Start of Dataset entries

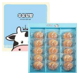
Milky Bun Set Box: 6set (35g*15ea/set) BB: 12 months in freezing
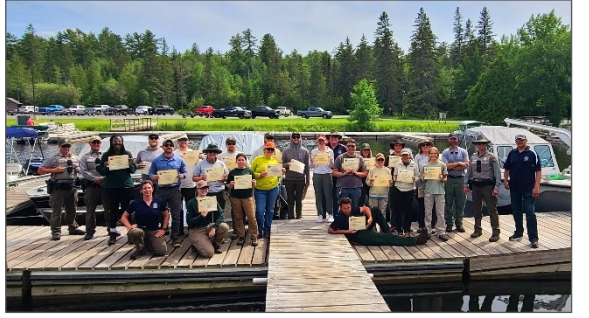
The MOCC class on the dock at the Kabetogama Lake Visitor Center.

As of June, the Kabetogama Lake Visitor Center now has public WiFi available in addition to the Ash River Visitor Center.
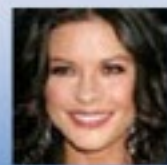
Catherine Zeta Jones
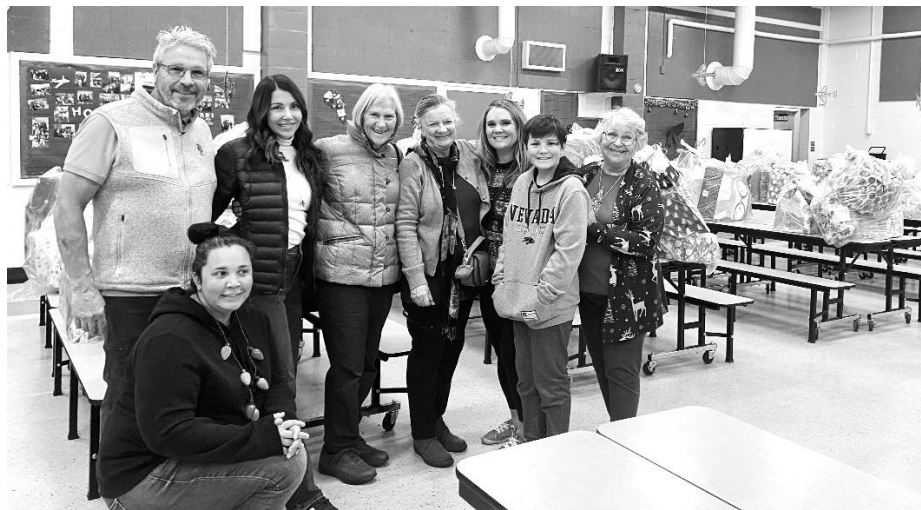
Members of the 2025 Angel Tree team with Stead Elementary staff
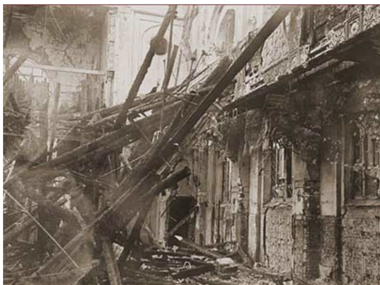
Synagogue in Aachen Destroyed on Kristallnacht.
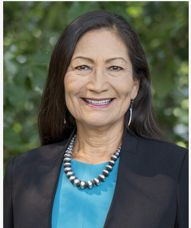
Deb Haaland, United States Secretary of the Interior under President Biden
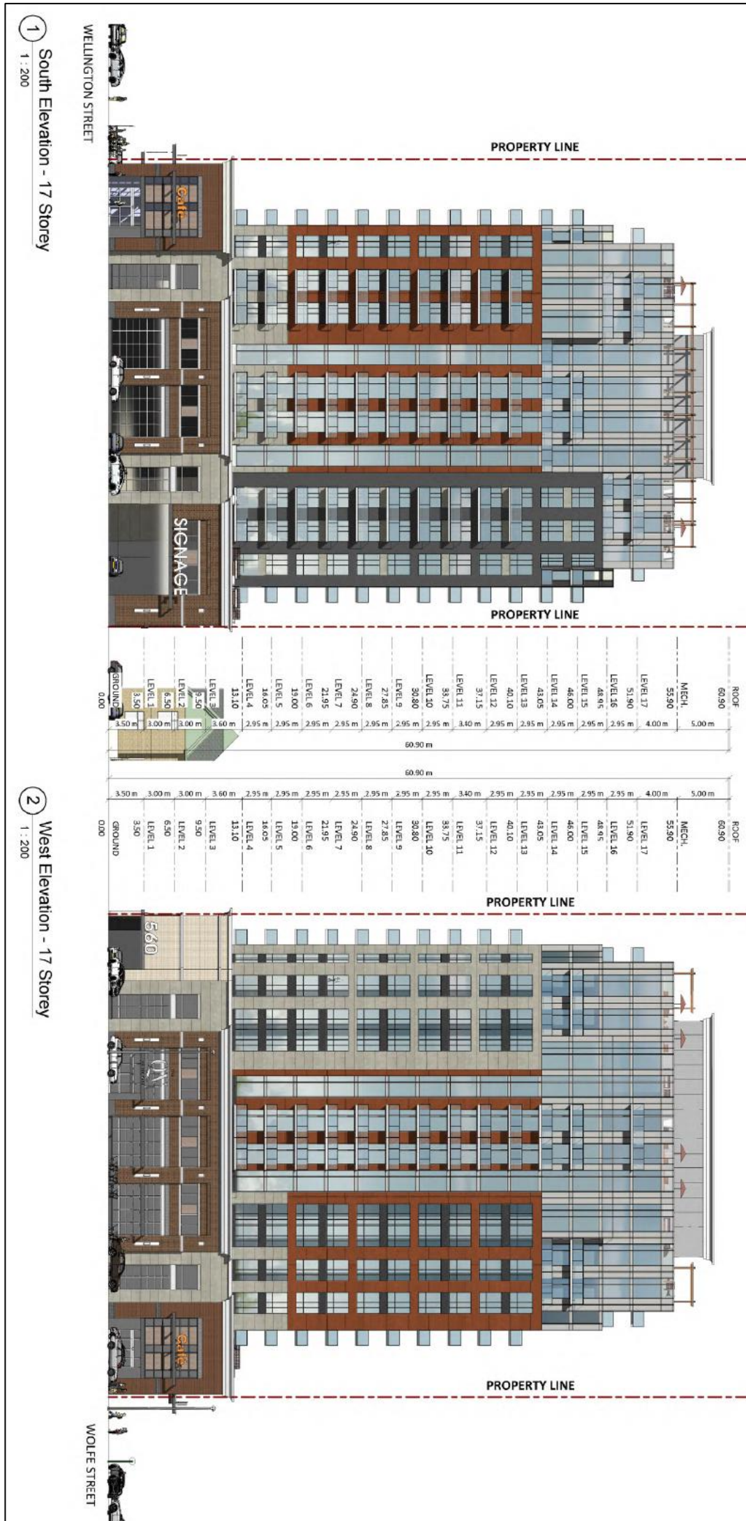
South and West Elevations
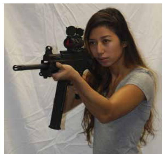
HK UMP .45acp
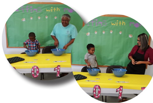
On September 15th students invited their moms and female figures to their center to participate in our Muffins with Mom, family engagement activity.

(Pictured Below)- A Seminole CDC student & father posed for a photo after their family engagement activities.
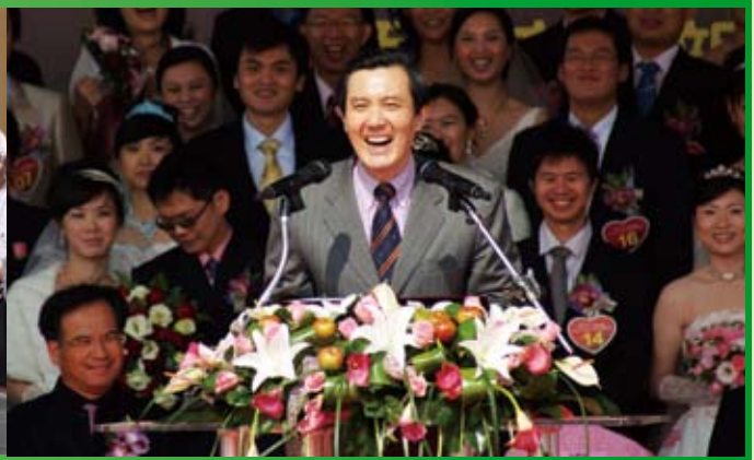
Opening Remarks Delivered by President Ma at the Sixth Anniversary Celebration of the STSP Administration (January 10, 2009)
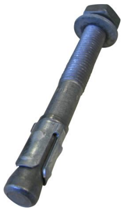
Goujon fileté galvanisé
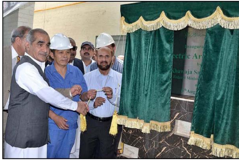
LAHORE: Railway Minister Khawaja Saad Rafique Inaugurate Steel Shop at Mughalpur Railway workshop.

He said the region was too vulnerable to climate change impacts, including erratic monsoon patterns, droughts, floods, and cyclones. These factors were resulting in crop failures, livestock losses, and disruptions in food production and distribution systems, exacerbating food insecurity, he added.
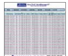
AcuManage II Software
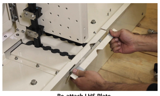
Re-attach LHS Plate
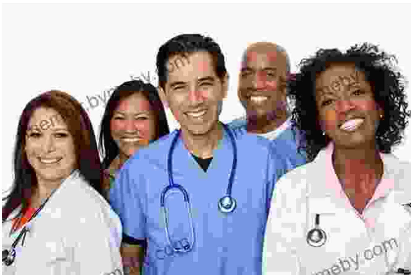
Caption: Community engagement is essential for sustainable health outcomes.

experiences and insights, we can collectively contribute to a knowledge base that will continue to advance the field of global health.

End of Dataset entries

### Action item
Where the word "Visitor" shows up in a line of the records above, count that line; then give the count by itself.

### Output
2